After Further Review: Bucs' David earns Derrick Brooks comparison
Let's call Tampa Bay linebacker Lavonte David 'Baby Brooks,' because like the likely Hall of Famer he is an undersized run-and-chase linebacker worthy of Defensive Player of the Year consideration.
Former Tampa Bay Buccaneers linebacker Derrick Brooks will almost certainly be inducted into the Pro Football Hall of Fame early next year -- unless the committee botches it -- and will do so as a linebacker who helped redefine the position.
Brooks was a smallish linebacker who didn't pile up sacks, but rather excelled in the run game, covered backs down the field and flourished with an all-around dominant game. He was a run-and-chase linebacker.
Those kinds of players often get overlooked for awards and such because of the lack of sack stats. But Tampa Bay won a Super Bowl, and Brooks got the notice he deserved.
The current Tampa Bay team has four victories and isn't getting much attention. But there's a player I call "Baby Brooks" on the defense who should be getting Defensive Player of the Year consideration, a player who shows up week in and week out on tape doing things that make him truly special.
I liked Tampa Bay linebacker Lavonte David when he came into the league two years ago, but I have to admit now that I had no idea he would be this good. David is racking up numbers that put him with special players, and he's only a second-year linebacker still learning the position.
David has six sacks and five interceptions this season to go with his 116 tackles. The last player to have at least five picks and five sacks in a season was a guy name Brian Urlacher in 2007.
His two-year totals are significantly better than the two-year totals that Brooks had to open his career.
What can't David do?
He can run. He tackles. He sees it. He reacts. He can cover. He can blitz.
He is as good an all-round linebacker as there is in this league -- including Carolina's Luke Kuechly and San Francisco's Patrick Willis. In fact, he's significantly better than both in coverage.
I looked at some of David's recent games to get an idea where he was in his development and I came away thinking it's crazy he isn't in the DPOY race. He has a heck of player in front of him in defensive tackle Gerald McCoy -- who should be going to the Pro Bowl -- and that helps, but David shows up a lot on the tape.
What's more, he does so in a variety of ways. Here is a look at some of the plays that caught my eye while studying him -- and I don't include either of his two picks from last week, both athletic plays that allowed him to show off his speed and quickness.
The first play is a run play from last week's victory over the Buffalo Bills. It shows off David's ability to read, get to the football and stop the runner from breaking free.
As you can see, the Bills ran a zone-read play to the right with C.J. Spiller.
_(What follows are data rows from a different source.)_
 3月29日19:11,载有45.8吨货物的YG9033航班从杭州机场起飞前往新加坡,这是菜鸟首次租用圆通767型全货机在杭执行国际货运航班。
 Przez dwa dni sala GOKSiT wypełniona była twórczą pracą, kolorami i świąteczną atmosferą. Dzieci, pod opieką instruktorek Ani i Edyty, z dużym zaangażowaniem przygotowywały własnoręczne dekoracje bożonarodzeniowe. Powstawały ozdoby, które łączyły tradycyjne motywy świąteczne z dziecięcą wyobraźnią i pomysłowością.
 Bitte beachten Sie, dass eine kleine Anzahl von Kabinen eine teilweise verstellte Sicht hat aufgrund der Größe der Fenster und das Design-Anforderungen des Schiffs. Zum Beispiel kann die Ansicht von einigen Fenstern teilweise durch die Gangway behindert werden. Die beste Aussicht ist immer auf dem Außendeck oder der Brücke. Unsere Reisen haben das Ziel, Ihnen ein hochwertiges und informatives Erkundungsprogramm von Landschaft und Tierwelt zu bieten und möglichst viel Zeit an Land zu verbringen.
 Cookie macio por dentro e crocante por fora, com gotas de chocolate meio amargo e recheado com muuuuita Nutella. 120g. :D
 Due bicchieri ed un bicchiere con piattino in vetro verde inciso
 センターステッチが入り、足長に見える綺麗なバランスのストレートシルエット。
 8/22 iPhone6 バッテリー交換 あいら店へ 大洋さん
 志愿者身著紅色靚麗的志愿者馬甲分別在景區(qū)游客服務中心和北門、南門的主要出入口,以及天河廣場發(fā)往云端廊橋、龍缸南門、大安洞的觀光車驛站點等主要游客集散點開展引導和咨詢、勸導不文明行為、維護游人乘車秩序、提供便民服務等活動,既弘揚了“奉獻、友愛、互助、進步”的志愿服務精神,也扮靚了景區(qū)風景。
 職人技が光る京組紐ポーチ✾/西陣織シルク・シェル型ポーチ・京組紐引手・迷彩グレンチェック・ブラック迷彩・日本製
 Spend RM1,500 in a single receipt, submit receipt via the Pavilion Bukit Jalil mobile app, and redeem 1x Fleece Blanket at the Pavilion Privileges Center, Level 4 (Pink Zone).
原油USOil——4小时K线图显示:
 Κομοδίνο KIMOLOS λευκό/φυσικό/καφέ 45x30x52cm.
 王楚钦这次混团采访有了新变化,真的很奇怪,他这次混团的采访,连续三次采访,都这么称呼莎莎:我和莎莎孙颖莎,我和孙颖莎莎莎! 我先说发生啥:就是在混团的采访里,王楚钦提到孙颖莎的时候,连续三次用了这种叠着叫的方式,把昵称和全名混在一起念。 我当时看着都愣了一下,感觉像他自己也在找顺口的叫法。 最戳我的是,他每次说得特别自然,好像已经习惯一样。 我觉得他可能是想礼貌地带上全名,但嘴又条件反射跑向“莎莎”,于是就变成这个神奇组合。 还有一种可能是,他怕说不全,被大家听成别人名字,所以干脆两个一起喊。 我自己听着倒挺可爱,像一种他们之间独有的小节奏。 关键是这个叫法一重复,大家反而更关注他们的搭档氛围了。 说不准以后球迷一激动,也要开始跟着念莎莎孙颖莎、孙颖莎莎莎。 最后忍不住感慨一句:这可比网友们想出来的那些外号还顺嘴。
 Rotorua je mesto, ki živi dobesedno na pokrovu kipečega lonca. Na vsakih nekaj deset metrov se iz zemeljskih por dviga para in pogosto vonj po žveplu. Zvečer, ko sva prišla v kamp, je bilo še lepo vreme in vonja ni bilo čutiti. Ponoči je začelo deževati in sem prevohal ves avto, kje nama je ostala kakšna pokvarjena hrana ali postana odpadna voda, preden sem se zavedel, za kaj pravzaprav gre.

David (yellow circle) read the play, jumped to the outside, his left, and continued to fill as Spiller tried to cut inside the block of the right tackle. David stepped into the hole and held him to no gain.
The second play is David's sack on EJ Manuel. It wasn't a tough play, but it showed how quick he is as a linebacker, and also showed he can put down even the quickest quarterbacks.
On the play, the Bucs blitzed linebacker Mason Foster and David (blue circle) ran a stunt through the open area to drop Manuel for the loss. Manuel tried to sneak away, but David's speed was too much, and he was sacked.
The third play is another that shows off David's ability to play the run.
The Bills once again tried to run a zone-read with all the line action to the right. That left a cutback lane for Spiller, with Manuel carrying the fake to the left. That held the defensive end on that side. So there was a huge cavity in the defense. But David (red circle) was able to read it, scrape around the traffic and prevent Spiller from ripping off what could have been a huge play with his speed.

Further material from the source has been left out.